_Assignment_
The pictures in the listing below are to be skipped, while the lines between the line holding "耐荷重:天板15kg、棚板5kg 【組み立て品】 お客様による組み立てが必要です。 |" and the line holding "表面にカトラリー跡やスレ、製", inclusive, are to be output exactly.

_Available data_
----
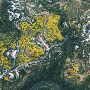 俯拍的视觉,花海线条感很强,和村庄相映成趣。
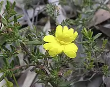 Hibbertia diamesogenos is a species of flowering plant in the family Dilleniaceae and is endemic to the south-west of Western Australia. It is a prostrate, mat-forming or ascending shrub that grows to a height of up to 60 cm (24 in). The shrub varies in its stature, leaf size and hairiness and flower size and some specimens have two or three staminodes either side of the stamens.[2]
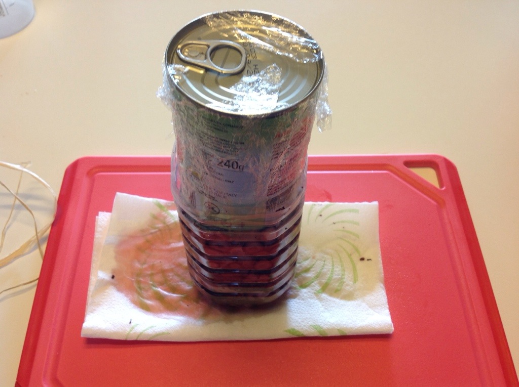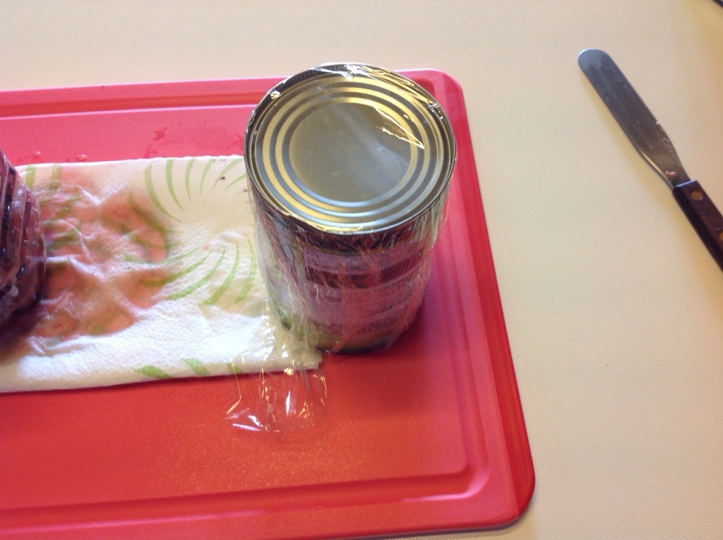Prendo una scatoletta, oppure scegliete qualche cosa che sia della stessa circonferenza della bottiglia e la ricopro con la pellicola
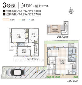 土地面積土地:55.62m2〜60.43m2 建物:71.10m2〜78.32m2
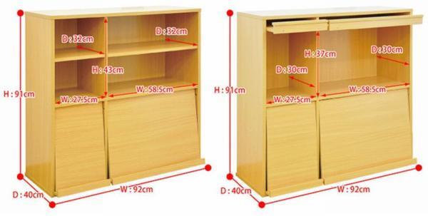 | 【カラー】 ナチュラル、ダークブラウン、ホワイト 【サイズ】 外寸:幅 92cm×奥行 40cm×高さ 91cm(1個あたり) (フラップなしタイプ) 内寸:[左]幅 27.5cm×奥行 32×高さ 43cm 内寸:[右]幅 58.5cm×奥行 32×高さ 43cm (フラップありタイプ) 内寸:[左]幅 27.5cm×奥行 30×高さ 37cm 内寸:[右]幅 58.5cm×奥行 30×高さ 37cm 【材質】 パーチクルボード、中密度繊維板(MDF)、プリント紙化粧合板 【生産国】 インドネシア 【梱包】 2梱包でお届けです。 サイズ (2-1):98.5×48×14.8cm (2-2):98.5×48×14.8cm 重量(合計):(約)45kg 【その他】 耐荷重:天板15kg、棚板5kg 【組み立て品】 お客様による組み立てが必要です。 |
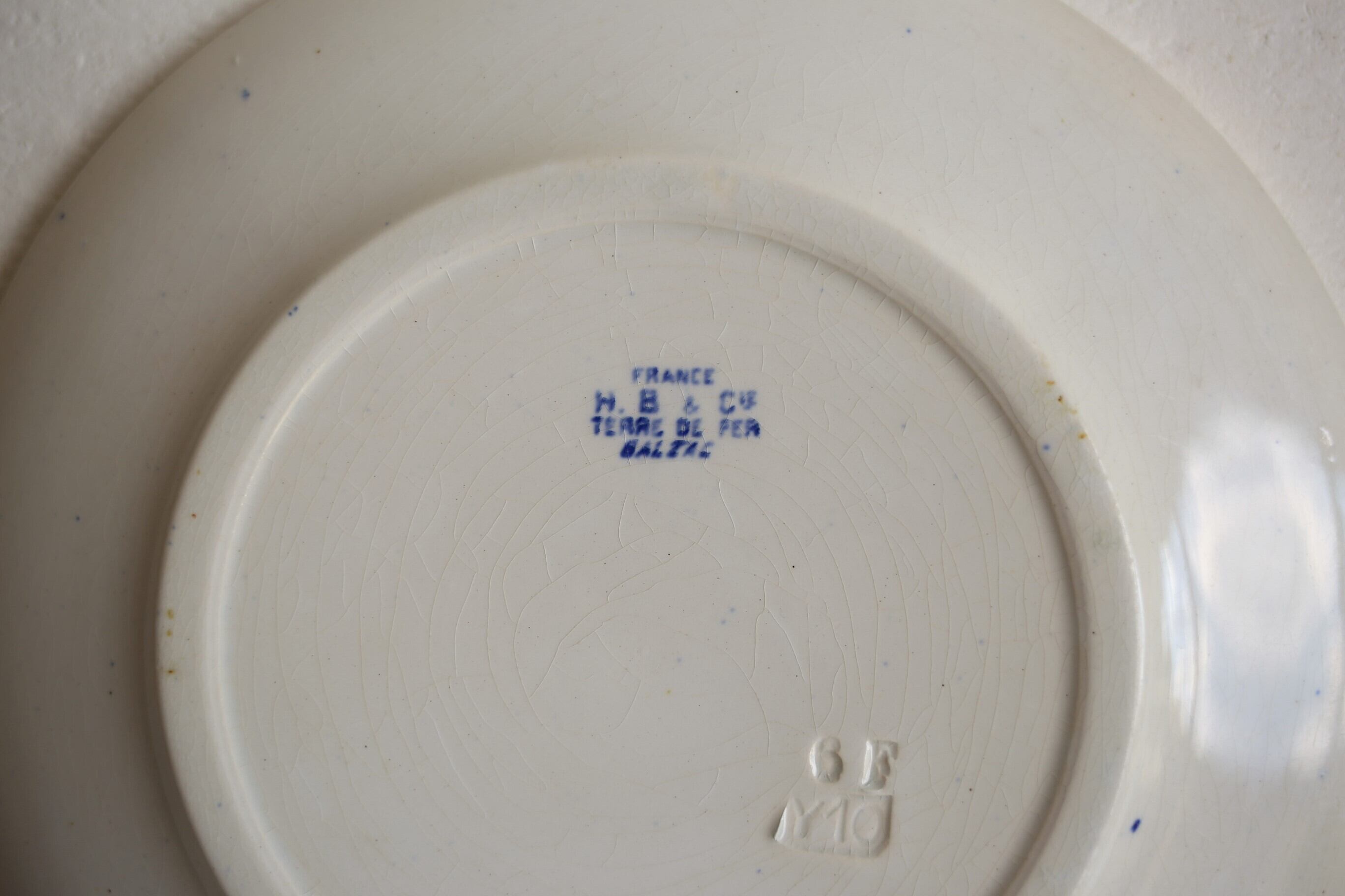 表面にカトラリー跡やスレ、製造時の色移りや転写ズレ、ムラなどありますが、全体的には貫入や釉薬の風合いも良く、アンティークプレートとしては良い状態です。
----
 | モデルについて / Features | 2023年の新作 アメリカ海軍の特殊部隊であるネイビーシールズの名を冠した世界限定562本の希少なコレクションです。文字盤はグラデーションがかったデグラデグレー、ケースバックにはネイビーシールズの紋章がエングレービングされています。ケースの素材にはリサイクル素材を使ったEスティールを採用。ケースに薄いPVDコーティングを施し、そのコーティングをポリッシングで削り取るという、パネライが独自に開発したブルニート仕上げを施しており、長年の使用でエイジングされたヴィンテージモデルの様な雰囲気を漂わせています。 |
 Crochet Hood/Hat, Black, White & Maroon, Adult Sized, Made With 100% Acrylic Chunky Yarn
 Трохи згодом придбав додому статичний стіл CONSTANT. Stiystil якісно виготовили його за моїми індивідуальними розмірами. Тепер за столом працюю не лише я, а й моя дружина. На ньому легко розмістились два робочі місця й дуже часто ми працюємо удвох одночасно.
----
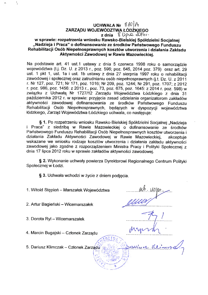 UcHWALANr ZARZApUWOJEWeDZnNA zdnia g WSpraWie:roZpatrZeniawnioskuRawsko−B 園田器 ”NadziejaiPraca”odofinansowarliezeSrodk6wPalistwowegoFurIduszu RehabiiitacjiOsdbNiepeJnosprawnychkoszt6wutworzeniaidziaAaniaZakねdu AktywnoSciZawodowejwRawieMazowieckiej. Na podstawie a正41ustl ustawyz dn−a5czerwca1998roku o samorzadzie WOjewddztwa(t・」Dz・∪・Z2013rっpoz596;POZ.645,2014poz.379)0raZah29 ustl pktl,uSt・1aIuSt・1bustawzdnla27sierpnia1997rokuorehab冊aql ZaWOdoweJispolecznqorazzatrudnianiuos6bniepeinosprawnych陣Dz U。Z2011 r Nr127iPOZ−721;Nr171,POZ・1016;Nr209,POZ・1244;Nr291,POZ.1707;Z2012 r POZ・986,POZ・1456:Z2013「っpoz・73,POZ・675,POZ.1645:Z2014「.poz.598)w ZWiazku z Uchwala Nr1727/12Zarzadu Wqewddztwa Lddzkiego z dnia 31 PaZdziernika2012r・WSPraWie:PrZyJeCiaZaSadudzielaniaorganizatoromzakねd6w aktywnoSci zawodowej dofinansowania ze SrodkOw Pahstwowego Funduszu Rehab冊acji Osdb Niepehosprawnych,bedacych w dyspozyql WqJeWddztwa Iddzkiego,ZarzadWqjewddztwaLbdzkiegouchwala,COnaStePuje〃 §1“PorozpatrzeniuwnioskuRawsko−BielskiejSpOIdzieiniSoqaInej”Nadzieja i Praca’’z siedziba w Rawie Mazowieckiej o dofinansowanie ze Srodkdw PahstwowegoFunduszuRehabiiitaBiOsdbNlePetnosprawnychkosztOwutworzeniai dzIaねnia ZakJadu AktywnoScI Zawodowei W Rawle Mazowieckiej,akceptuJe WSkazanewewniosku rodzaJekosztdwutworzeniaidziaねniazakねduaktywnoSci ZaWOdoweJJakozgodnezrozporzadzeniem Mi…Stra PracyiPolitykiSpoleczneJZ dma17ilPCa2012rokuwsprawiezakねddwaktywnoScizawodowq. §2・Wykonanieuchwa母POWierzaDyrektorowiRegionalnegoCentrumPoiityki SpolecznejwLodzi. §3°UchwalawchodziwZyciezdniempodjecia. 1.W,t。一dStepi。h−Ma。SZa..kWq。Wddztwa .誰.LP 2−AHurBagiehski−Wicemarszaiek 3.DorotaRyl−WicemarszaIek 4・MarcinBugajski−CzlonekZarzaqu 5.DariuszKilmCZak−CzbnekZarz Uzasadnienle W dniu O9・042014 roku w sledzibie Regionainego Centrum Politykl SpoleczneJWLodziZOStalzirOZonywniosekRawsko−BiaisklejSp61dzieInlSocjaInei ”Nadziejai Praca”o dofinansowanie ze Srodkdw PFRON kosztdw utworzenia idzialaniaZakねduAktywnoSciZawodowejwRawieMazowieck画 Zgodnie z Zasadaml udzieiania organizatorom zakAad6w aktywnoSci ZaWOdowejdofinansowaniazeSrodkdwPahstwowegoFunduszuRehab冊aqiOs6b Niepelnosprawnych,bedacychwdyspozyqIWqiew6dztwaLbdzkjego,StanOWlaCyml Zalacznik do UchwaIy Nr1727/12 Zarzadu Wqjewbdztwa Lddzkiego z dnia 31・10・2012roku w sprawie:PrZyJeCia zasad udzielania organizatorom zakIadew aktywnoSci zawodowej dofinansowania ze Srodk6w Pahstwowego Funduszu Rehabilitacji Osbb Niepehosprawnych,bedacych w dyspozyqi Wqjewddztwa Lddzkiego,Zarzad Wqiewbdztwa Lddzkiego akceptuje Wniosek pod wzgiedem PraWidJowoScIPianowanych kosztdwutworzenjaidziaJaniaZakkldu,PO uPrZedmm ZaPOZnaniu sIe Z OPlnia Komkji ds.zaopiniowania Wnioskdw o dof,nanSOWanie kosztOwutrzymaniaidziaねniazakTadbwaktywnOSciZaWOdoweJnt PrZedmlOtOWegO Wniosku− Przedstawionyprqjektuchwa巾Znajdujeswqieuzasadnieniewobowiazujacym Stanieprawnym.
----
_Solution_
 | 【カラー】 ナチュラル、ダークブラウン、ホワイト 【サイズ】 外寸:幅 92cm×奥行 40cm×高さ 91cm(1個あたり) (フラップなしタイプ) 内寸:[左]幅 27.5cm×奥行 32×高さ 43cm 内寸:[右]幅 58.5cm×奥行 32×高さ 43cm (フラップありタイプ) 内寸:[左]幅 27.5cm×奥行 30×高さ 37cm 内寸:[右]幅 58.5cm×奥行 30×高さ 37cm 【材質】 パーチクルボード、中密度繊維板(MDF)、プリント紙化粧合板 【生産国】 インドネシア 【梱包】 2梱包でお届けです。 サイズ (2-1):98.5×48×14.8cm (2-2):98.5×48×14.8cm 重量(合計):(約)45kg 【その他】 耐荷重:天板15kg、棚板5kg 【組み立て品】 お客様による組み立てが必要です。 |
 表面にカトラリー跡やスレ、製造時の色移りや転写ズレ、ムラなどありますが、全体的には貫入や釉薬の風合いも良く、アンティークプレートとしては良い状態です。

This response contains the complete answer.